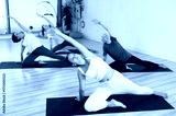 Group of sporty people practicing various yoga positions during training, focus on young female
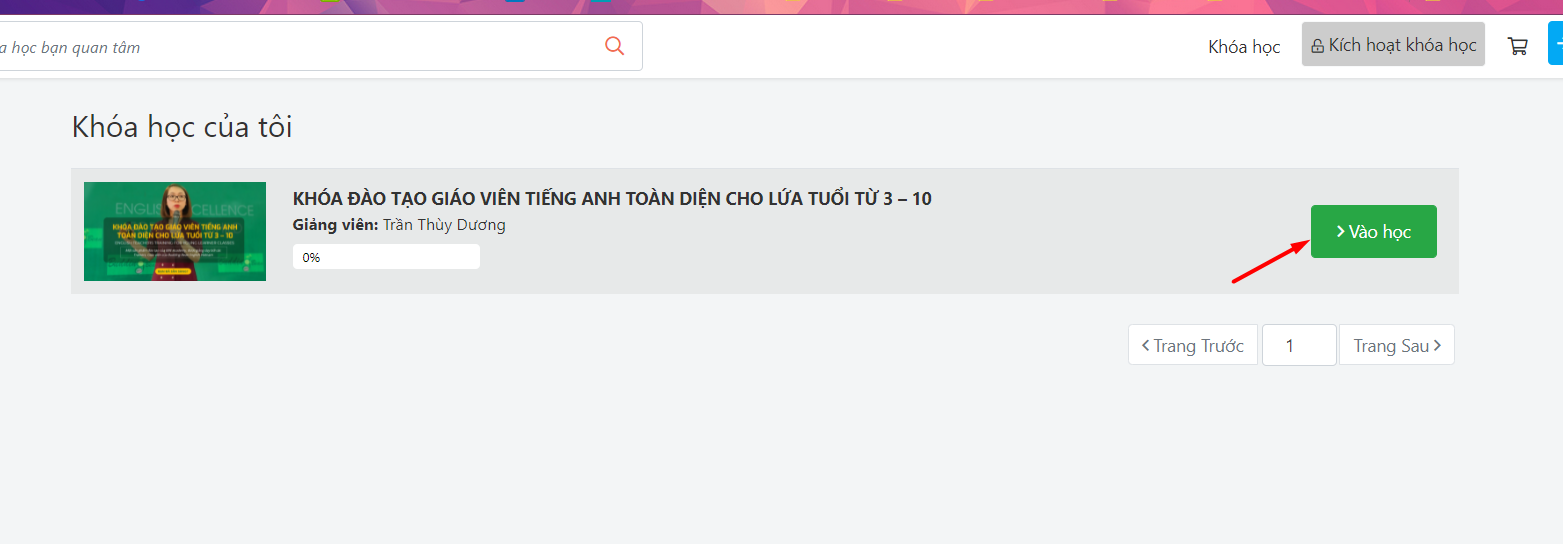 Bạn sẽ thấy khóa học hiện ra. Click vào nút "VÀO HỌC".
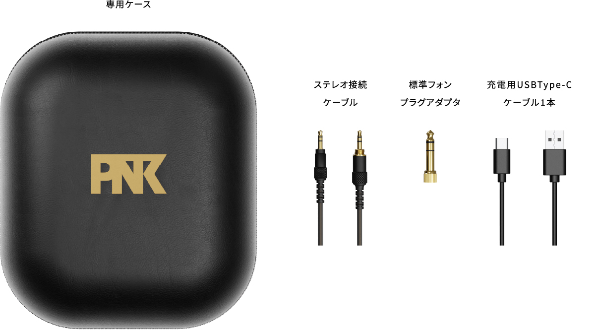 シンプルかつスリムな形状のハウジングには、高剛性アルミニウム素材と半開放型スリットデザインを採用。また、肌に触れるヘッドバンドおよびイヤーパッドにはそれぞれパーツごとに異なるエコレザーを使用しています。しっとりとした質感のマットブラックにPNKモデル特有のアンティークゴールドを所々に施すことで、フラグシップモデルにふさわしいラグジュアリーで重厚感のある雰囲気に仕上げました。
════
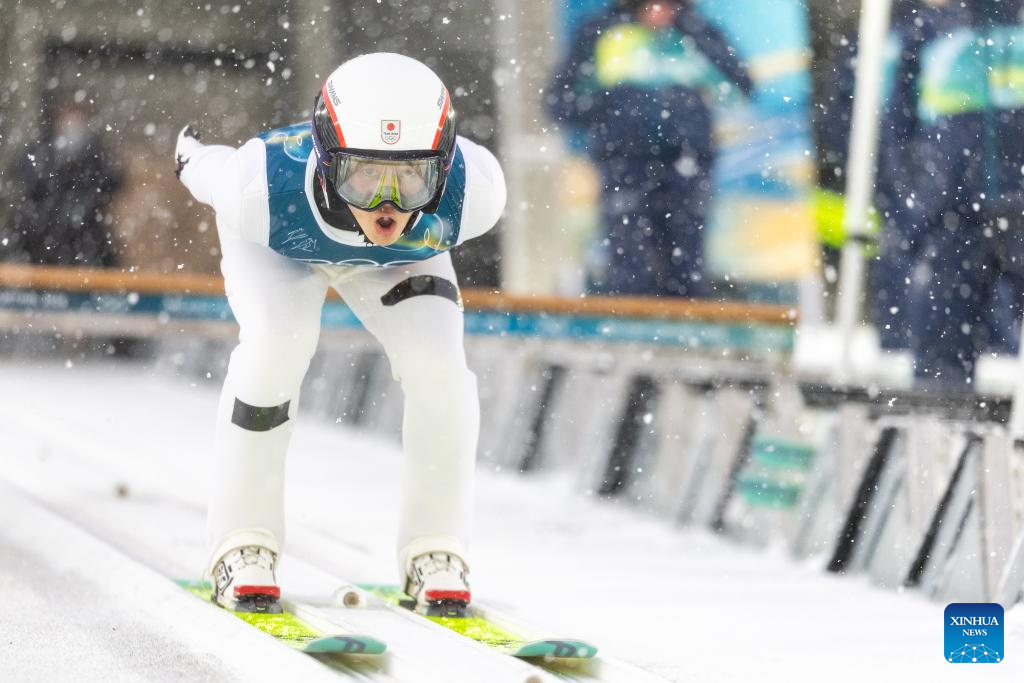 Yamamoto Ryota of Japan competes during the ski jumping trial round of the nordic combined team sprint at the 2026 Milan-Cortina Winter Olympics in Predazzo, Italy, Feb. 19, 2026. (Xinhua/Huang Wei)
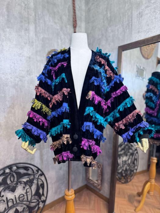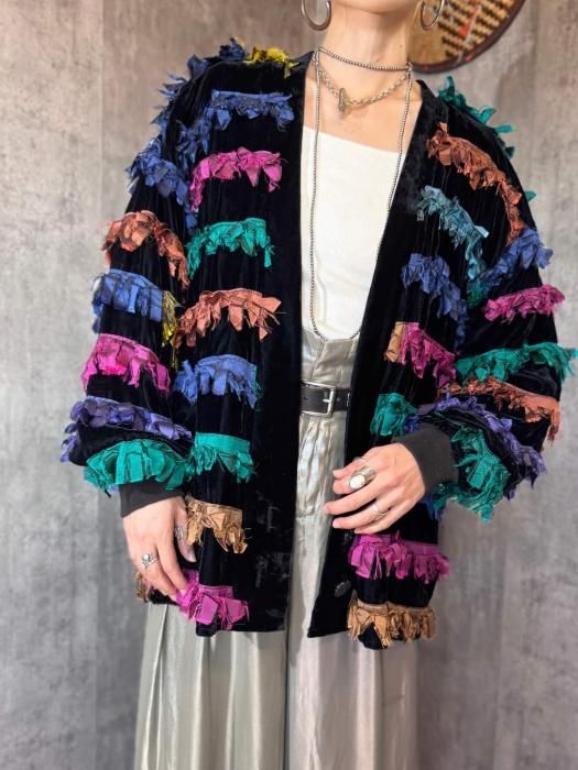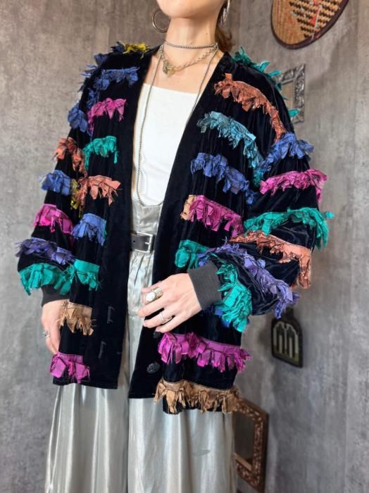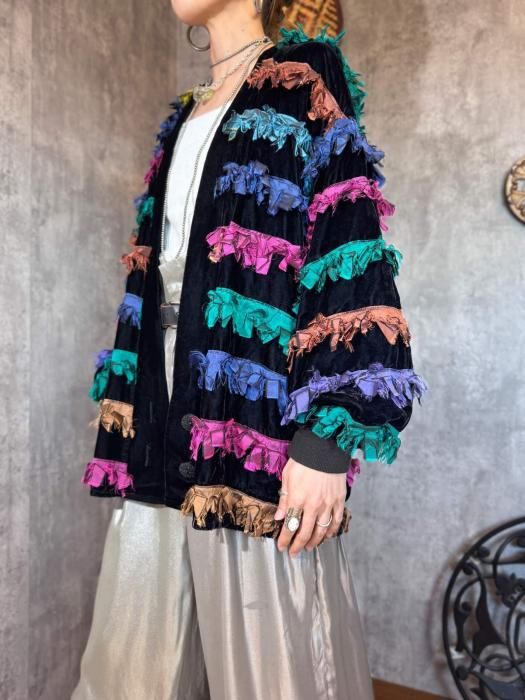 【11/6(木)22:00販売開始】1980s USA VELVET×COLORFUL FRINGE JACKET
════
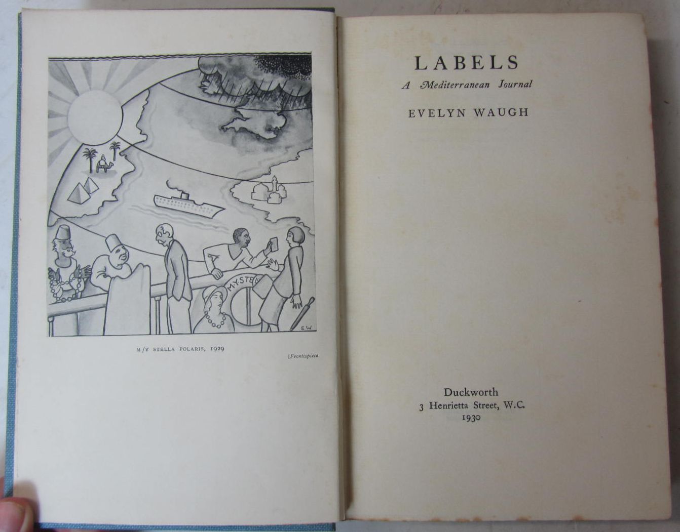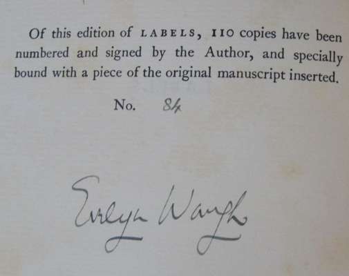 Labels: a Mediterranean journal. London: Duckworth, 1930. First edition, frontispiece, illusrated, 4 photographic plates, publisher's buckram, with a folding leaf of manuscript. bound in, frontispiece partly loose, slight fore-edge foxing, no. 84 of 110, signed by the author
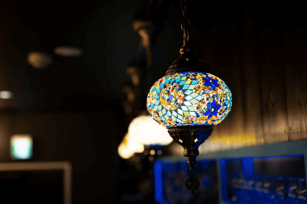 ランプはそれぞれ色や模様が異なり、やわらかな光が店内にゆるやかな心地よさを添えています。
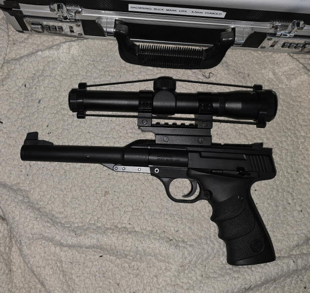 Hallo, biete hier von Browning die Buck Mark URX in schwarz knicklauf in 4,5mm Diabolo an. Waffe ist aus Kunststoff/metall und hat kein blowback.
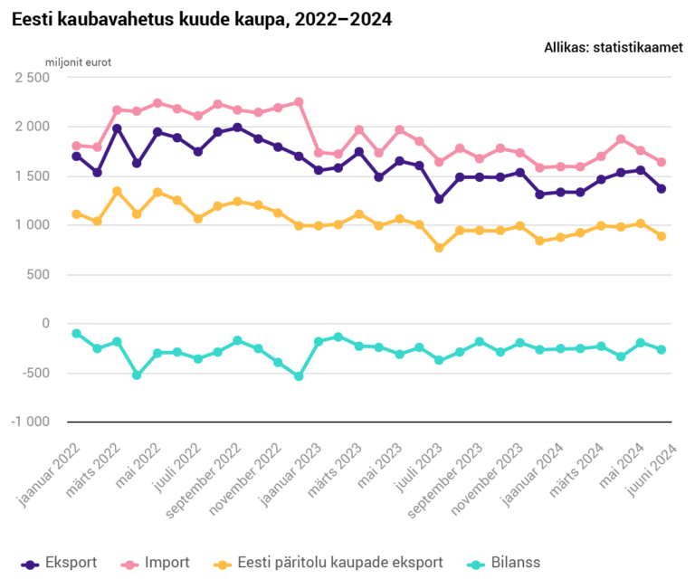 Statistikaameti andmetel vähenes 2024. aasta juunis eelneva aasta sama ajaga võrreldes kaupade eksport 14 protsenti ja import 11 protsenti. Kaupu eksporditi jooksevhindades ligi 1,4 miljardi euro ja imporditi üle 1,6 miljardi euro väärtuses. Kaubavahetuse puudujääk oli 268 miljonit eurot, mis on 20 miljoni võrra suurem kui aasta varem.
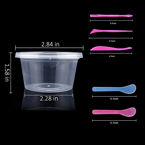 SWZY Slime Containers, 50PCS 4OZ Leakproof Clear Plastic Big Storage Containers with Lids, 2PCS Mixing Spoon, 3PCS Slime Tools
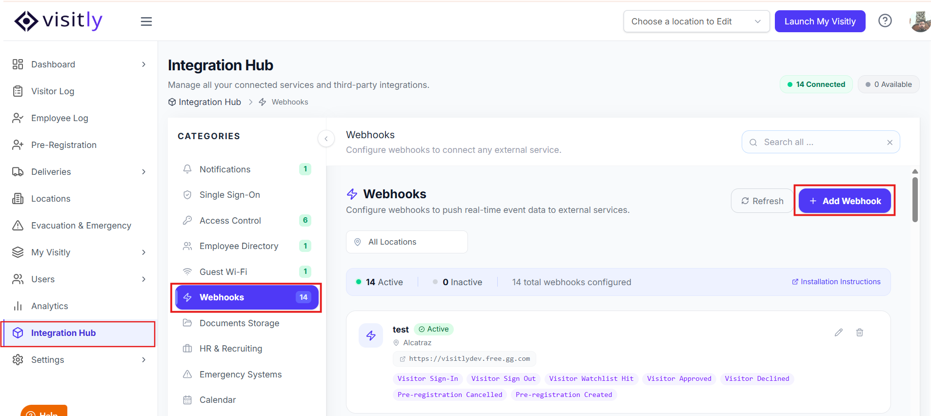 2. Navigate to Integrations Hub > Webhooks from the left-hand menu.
════
→ **TASK STATEMENT**
With pictures omitted, repeat the entries above word for word from the line holding "ランプはそれぞれ色や模様が異" down to the line holding "2. Navigate to", keeping both of those lines.

→ **RESPONSE FOR THIS EXERCISE**
 ランプはそれぞれ色や模様が異なり、やわらかな光が店内にゆるやかな心地よさを添えています。
 Hallo, biete hier von Browning die Buck Mark URX in schwarz knicklauf in 4,5mm Diabolo an. Waffe ist aus Kunststoff/metall und hat kein blowback.
 Statistikaameti andmetel vähenes 2024. aasta juunis eelneva aasta sama ajaga võrreldes kaupade eksport 14 protsenti ja import 11 protsenti. Kaupu eksporditi jooksevhindades ligi 1,4 miljardi euro ja imporditi üle 1,6 miljardi euro väärtuses. Kaubavahetuse puudujääk oli 268 miljonit eurot, mis on 20 miljoni võrra suurem kui aasta varem.
 SWZY Slime Containers, 50PCS 4OZ Leakproof Clear Plastic Big Storage Containers with Lids, 2PCS Mixing Spoon, 3PCS Slime Tools
 2. Navigate to Integrations Hub > Webhooks from the left-hand menu.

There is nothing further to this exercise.